- Born: Hejaz, Arabia
- Died: Hejaz, Arabia
- Other names: Bint Abi Umayya; Qurayba "the Younger";
- Spouses: Umar (divorced. 628); Mu'awiya (divorced); Abd al-Rahman ibn Abi Bakr (until her death);
- Children: Umm Hakim bint Mu'awiya; Umm Sa'id bint Mu'awiya; Umm Habib bint Mu'awiya; Abdullah ibn Abd al-Rahman; Umm Hakim bint Abd al-Rahman; Asma bint Abd al-Rahman; Muhammad Abu Atiq ibn Abd al-Rahman; Hafsa bint Abd al-Rahman;
- Parents: Abu Umayya ibn al-Mughira (father); Atika bint Utba (mother);

= Qurayba bint Abi Umayya =

Companion of Muhammad

Qurayba "the Younger" bint Abi Umayya was a disciple and follower (Sahabiya) of Muhammad and a wife of the second Rashidun caliph, Umar, and then of the first Umayyad caliph, Mu'awiya.

==Biography==

===Family===
She was from the Makhzum clan of the Quraysh tribe in Mecca. Her father, Abu Umayya ibn al-Mughira, was the chief of Mecca in the early seventh century. Her mother was Atika bint Utba, a member of the Abdshams clan of the Quraysh. Hence Hind bint Utba was her maternal aunt while Umm Salama was her paternal sister.

=== First marriage ===
She married Umar before 616. Umar was concurrently married to Zaynab bint Maz'un and to Umm Kulthum bint Jarwal, who had between them five children, while Qurayba was childless.

Umar converted to Islam in 616. The whole family emigrated to Medina in 622, although Umm Kulthum and Qurayba were still polytheists. Qurayba is briefly mentioned in Medina in an incident when she helped to care for her sister Umm Salama's baby.

Soon after the Treaty of Hudaybiya in 628, Muhammad (صلى الله عليه و سلم) announced a revelation that Muslims were ordered to "hold not to the cords of disbelieving women." Accordingly, Umar divorced Umm Kulthum and Qurayba, and they both returned to Mecca.

===Second Marriage===
Qurayba then married her cousin, Mu'awiya ibn Abi Sufyan, "while they were both still polytheists", i.e., before January 630. Mu'awiya I also divorced her. Qurayba had 3 daughters with Mu'awiya I, they are Umm Hakim, Umm Sa'id, and Umm Habib.

===Third marriage===
Later she was courted by Abd al-Rahman ibn Abi Bakr. Aisha negotiated for her brother, and the Makhzum family agreed to the match. Abd al-Rahman and Qurayba had five children: Abd Allah, Umm Hakim, Asma, Muhammad Abu Atiq, and Hafsa.

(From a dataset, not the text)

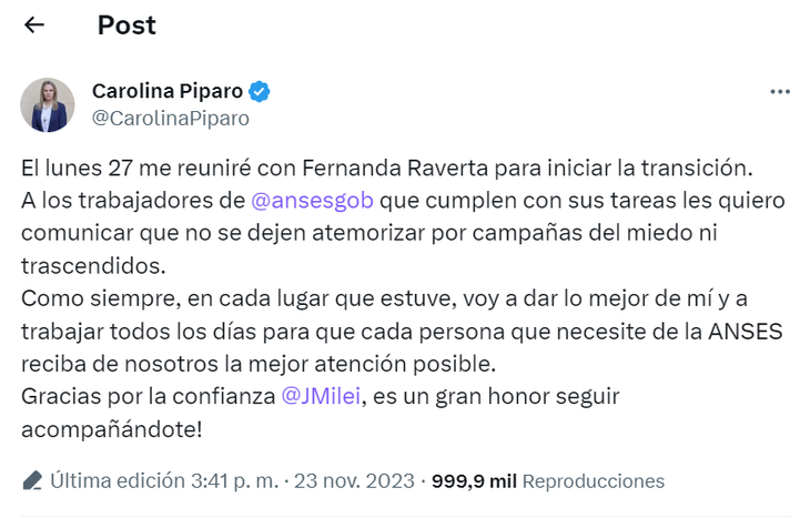 Milei había confirmado a Píparo al frente de ANSES a principios de la semana, pero este jueves por la tarde se conoció la decisión de apartarla de ese lugar para colocar allí a Osvaldo Giordano, un hombre muy cercado al gobernador de Córdoba, Juan Schiaretti.

Abd al-Rahman had a reputation for being "harsh" with women, and the Makhzum family protested his treatment of Qurayba. They claimed that they had only given consent because of Aisha, who now conveyed their concerns to her brother. One day Qurayba exclaimed, "I was warned about you!" and Abd al-Rahman replied, "I will divorce you if you like." She then changed her mind and said, "I will not prefer anyone over Abu Bakr's son." They remained together.